## Dataset records

·····

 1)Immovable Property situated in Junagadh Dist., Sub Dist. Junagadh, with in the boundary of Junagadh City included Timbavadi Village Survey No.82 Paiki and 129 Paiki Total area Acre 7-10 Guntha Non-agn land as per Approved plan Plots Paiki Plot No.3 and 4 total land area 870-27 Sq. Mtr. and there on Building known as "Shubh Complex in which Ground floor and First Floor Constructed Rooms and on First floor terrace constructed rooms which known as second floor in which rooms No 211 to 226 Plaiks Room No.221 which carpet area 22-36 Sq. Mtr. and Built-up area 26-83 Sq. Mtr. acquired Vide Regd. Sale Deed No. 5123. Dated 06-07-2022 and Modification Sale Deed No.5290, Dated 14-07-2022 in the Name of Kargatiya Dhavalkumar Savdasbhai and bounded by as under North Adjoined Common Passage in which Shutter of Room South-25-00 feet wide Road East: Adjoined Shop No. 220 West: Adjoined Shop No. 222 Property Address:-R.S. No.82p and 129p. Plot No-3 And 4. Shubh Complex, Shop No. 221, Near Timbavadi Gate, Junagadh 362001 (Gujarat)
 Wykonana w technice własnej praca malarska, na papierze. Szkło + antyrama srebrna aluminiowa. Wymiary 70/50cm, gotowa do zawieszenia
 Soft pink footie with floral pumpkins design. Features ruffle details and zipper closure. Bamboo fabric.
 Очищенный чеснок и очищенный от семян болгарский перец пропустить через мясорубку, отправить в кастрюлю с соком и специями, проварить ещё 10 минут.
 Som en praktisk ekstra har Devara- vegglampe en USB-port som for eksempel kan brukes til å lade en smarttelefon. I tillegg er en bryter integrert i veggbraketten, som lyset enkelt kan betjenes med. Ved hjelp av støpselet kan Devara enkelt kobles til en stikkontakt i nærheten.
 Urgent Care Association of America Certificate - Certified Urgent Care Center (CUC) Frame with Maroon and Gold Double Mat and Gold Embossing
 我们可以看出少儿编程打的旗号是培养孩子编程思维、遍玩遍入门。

·····

## Goal of the exercise
Give back the records above exactly, limited to the lines between the one holding "Soft pink footie" and the one holding "Очищенный чеснок и", inclusive.

## Solution for this problem
 Soft pink footie with floral pumpkins design. Features ruffle details and zipper closure. Bamboo fabric.
 Очищенный чеснок и очищенный от семян болгарский перец пропустить через мясорубку, отправить в кастрюлю с соком и специями, проварить ещё 10 минут.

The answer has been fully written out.